Hector expressed little sympathy for my suffering, but, then again, I expressed little sympathy for his. Whene’er he wasn’t yelling at me, I sat in the front of the canoe, staring straight ahead, feeling utterly alone in all the world. Blinded by my own thoughts and feelings, I scarce remembered Hector e’en existed, much less that he was sitting not eight feet behind me.

My thoughts and feelings were completely consumed by Syawa. Did he truly have supernatural powers? Was such a thing possible? I wanted to believe it, and I was sorely tempted to believe it, but part of me always resisted, part of me always wondered, part of me always reasoned it away. He was a shrewd man—this I knew—and, as I myself had experienced, he was keenly capable of reading people and making intimate connections.

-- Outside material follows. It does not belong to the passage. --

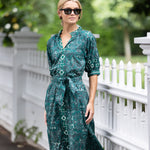 The new Cordelia Coatue Dress is equal parts cute and effortless, featuring rich embroidered floral detail and dot piping, she's perfect for an elevated day out or dressed up for a casual evening. A flowy, slightly A-line silhouette with a coordinating tie belt. Sleeves do not feature an elastic banded arm. Unlined but not sheer. 100% Cotton Cambric.

But was he able to “see” events from afar? Was he able to “know” what the future would bring? Surely no man could do that. And yet . . .

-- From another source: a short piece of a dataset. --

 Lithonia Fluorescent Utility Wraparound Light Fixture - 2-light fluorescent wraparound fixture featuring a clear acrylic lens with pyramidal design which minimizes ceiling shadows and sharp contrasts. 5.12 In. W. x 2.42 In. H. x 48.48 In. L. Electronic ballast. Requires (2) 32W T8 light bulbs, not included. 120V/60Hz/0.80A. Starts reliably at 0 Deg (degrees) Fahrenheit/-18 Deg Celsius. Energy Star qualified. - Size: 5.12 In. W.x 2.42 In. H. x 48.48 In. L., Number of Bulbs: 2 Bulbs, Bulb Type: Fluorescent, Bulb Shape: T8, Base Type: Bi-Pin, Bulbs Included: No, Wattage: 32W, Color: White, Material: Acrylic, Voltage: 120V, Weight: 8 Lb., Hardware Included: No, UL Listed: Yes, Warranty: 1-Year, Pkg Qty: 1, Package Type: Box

I knew how close I’d come to dying in my parents’ house. And I knew Syawa was offering me a chance to start o’er with a life of meaning and purpose. More than anything, I knew he loved me and I loved him. But I did not understand why he had to leave me. I did not understand what “gift” he expected me to bring to his people. And I did not understand why he suggested I was meant to be with Hector, not with him.

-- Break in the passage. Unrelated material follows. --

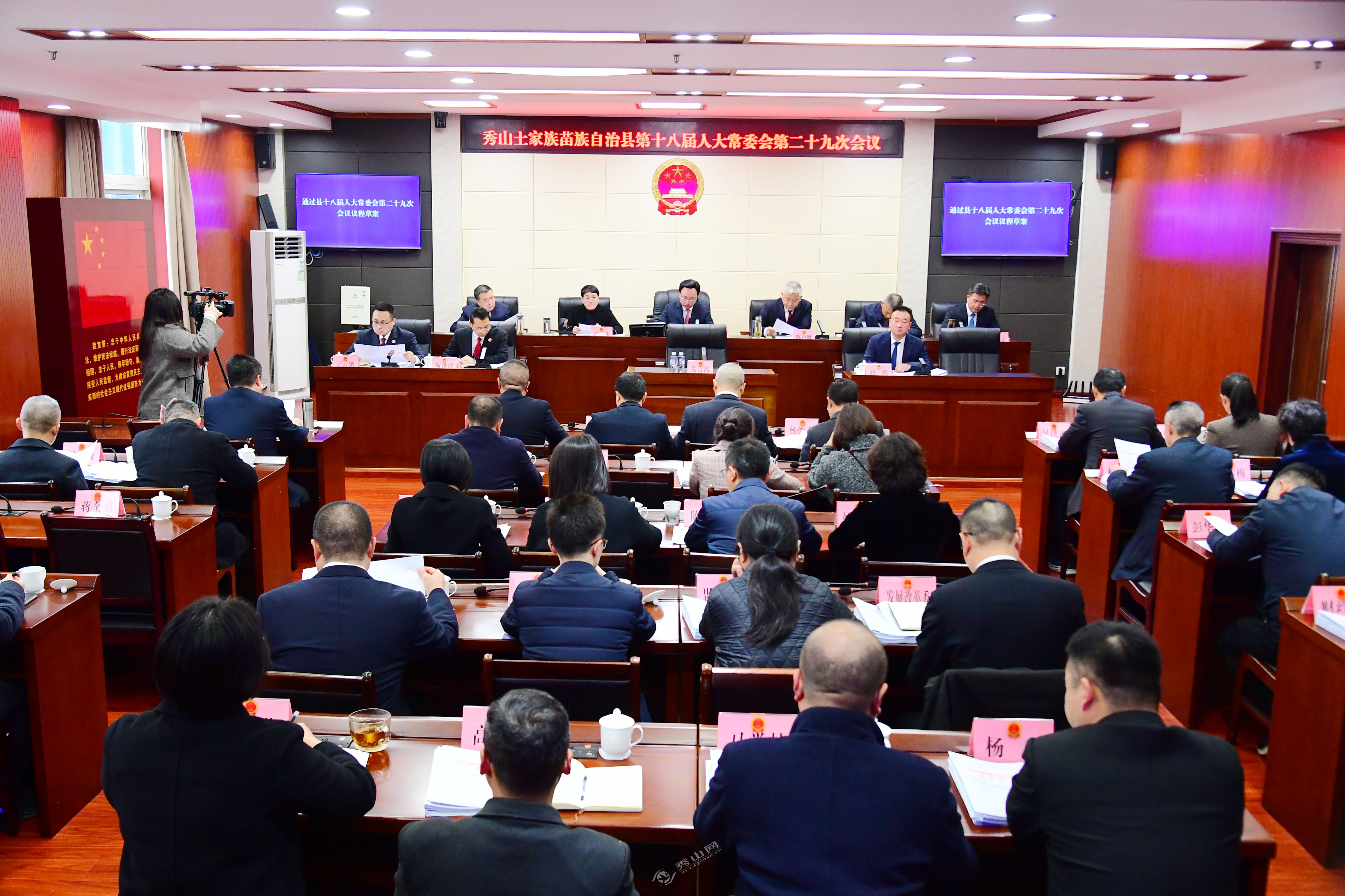 秀山网讯 12月23日,县十八届人大常委会召开第二十九次会议,听取和审议有关事项。县人大常委会主任任强主持会议,副主任陈山鹰、陈丽萍、向照勇、杨再庆、钟议及县十八届人大常委会组成人员出席会议。县政府副县长刘炼,县法院院长何洪波,县检察院检察长王云鹏,县监委、县政府办公室、县发展改革委、县司法局、县财政局等有关负责人列席会议。

It’s not that I didn’t care for Hector. For all his bluster, Hector was a decent fellow, capable of great loyalty and depth of feeling. But he just wasn’t the sort of man who would e’er appeal to me. He was bold and brash and belligerent and self-obsessed. As well-formed as he was, he was used to getting whate’er he wanted, and I preferred men like Syawa, who had to work to be noticed and were less likely to be surrounded by eager young girls. I had no desire to compete for someone’s attention and, besides, Hector didn’t e’en like me and had made his views plain enough on several occasions. The more I thought about it, the more I decided Syawa’s deathbed declaration that I was meant for Hector was, frankly, offensive. Hector certainly required no one to procure ladies for him, and I did not appreciate feeling as if I had been deliberately procured.

I concluded Syawa’s final wish was simply that—a wish—which would expediently resolve the rather messy situation left by his untimely demise. He did not want to leave me in the lurch, nor did he want to abandon his lifelong companion; naturally he hoped we might find comfort in one another.

We did not.

Once I got the hang of what I was supposed to do with my paddle, we traveled in silence, speaking only to convey essential information. Hector occasionally gave me paddling advice, and I told him when I needed to relieve myself. In the evenings we said nothing, avoiding eye contact. We performed our chores the way I once saw a pendulum clock perform in Boston—the brass disc swinging relentlessly back and forth, back and forth, heedless of anything going on in the world ’round it.